I played with Xgboost, a parallelized gradient boosting machine implementation. I managed to install it on both a Windows and a Linux machine and it really is fast. I didn’t test it yet directly against the standard GBM implementation so I can’t say if the advantage is purely speed (claim is up to 20x) or if you can get extra predictive power per computational cycle.

Kaggle

After following the fora since quite some time I decided to actually try it (made just 2 submissions on 1 competition). I don’t expect it to use it competitively, and it is definitely a bit of stylized/artificial approach to data analysis/machine learning, but I think it is an interesting endeavor.

It is a martial arts kata excercise to the dirty, non-linear street fighting of the day-to-day data science. Where, as you know, street fighting is 50% of knowing when to avoid fight, 10% actual fight and 40% administration and sitting in meeting. Wait, somehow my metaphor broke.
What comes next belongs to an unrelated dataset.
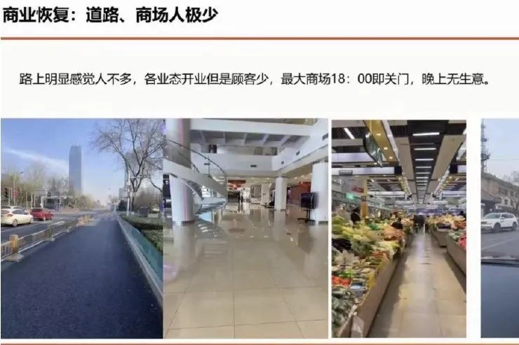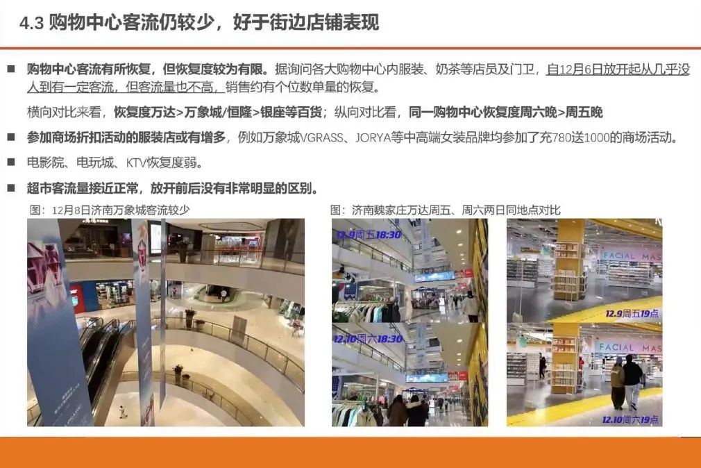 濟(jì)南在放開之后有了恢復(fù),但也相對較慢。政策轉(zhuǎn)向之前,購物中心處于幾乎無人狀態(tài),12月6日之后開始有一定人流,零售銷售量增長為個(gè)位數(shù)。

Kaggle Higgs boson search post-mortem

Read up mostly Motl’s point of view (1,2, and the xgboost solution 3) and the Kaggle forum. Turned out to be a bit less interesting and enlightening than I thought, but it fit with the xgboost theme of the week.

General Science / Misc.

ER = EPR? 

Quanta has a series on recent developments here: 1, 2, 3. Being a total dilettante, but this just feels so very right. God knows, I’ve been in the past excited about many results, that then just went away. But this time it is different (I always say that…). The firewall problem was just a precursor, this is the real deal.

The quantum entanglement wormhole octopus is my new favourite animal.

So you want to be a consultant…?

Excellent article. Focused on freelence IT, but it is interesting also for other areas. And even if you don’t want to be a freelance consultant. Or a consultant.

The days are long but the decades are short

Sam Altman turns 30. Here is the wisdom from the elder. (The article is alright, it just strikes funny to get a life advice from a 30 year old).

Prescriptions, Paradoxes, and Perversities

An alarming analysis by Scott Alexander on the state of pharmaceutical.

Management Myth

An entertaining piece on MBA education and management.

Or: we hope this article will compensate you with a smug feeling of superiority, because although you have the hard science doctorate, we’ll pay far more for the fresh MBA graduate manager :).

Videos / Lectures

The Knowledge – Lewis Dartnell | Authors at Google

  • have his book on my “to read” pile. The talk wants me to move it up in the queue.

Podcasts

Phil Rosenzweig on Leadership, Decisions, and Behavioral Economics

  • Strongly recommended – lot’s of new ways to look at familiar experimental results and their (non) implications in practice. Highlight of the week.

Triple H on Pre-Fight Rituals, Injury Avoidance, and Floyd Mayweather, Jr.

  • after enjoying the Schwarzenegger episode and even (gasp!) the Glen Beck one, I’m hardly surprised about a wrestler coming out as a very reasonable, driven and articulate man. Ferris is an excellent interviewer and his podcast is very good time filler when I’m too tired for other stuff.